6 Banyaknya penderita skizofrenia di daerah tersebut yang di rawat di rumah dan kurangnya kemandirian keluarga dalam merawat anggota keluarga dirumah, peneliti ingin melihat tingkat kemandirian keluarga dalam merawat klien skizofrenia dirumah. 1.2 Rumusan Masalah Bagaimana gambaran tingkat kemandirian keluarga dalam merawat klien dengan skizofrenia di rumah di wilayah kerja Puskesmas Dinoyo? 1.3 Tujuan Studi Kasus Mengidentifikasi tingkat kemandirian keluarga dalam merawat klien dengan skizofrenia di rumah di wilayah kerja Puskesmas Dinoyo. 1.4 Manfaat Studi Kasus 1.4.1 Bagi Institusi Pelayanan Kesehatan (PUSKESMAS) Penelitian ini dapat memberikan informasi dalam program penyuluhan ke dalam masyarakat khususnya di PUSKESMAS mengenai skizofrenia, sehingga keluarga dapat berperan serta dalam perawatan penderita skizofrenia dirumah. 1.4.2 Bagi Tenaga Keperawatan Memberikan informasi tentang perawatan klien skizofrenia dirumah, sehingga tenaga keperawatan khususnya tenaga medis di RSJ dapat memberikan masukan pada keluarga penderita skizofrenia tentang peran dukungan keluarga seperti apa yang harus keluarga berikan untuk membantu kesembuhan penderita skizofrenia.
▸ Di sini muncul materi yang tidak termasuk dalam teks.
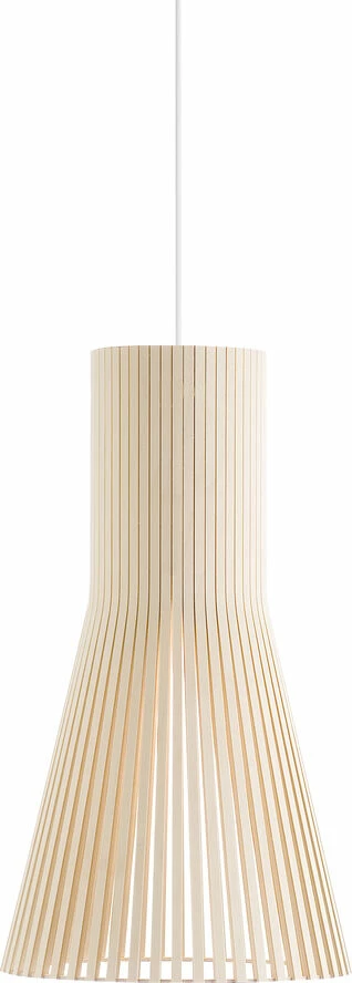 Handmade of PEFC-certified formpressed birch in Finland by highly skilled craftsmen. Material: Formpressed birch slats. Sizes: Height 45 cm. Diameter Ø 25 cm. Weight 1,2 kg. Light source: E27 base, LED max 20 W. Comes with a LED bulb (Airam Pro LED, E27, 12 W, 1060 lumen, 3000 K, pure white, dimmable, may vary). The use of special bulbs such as halogen, mirror or 12 V bulbs in Secto Design lamps is prohibited, due to overheating. Maintenance: Wipe dust regularly. To remove fresh stains wipe with a slightly moist cloth.

7 1.4.3 Bagi Peneliti Selanjutnya Penelitian ini dapat di jadikan dasar informasi dalam penelitian selanjutnya khususnya gambaran tingkat kemandirian keluar dalam merawat klien skizofrenia di rumah. 1.4.4 Bagi Institusi Pendidikan Keperawatan Penerapan asuhan keperawatan pada keluarga dengan skizofrenia dalam rangka meningkatkan kemandirian keluarga dalam merawat klien dengan skizofrenia.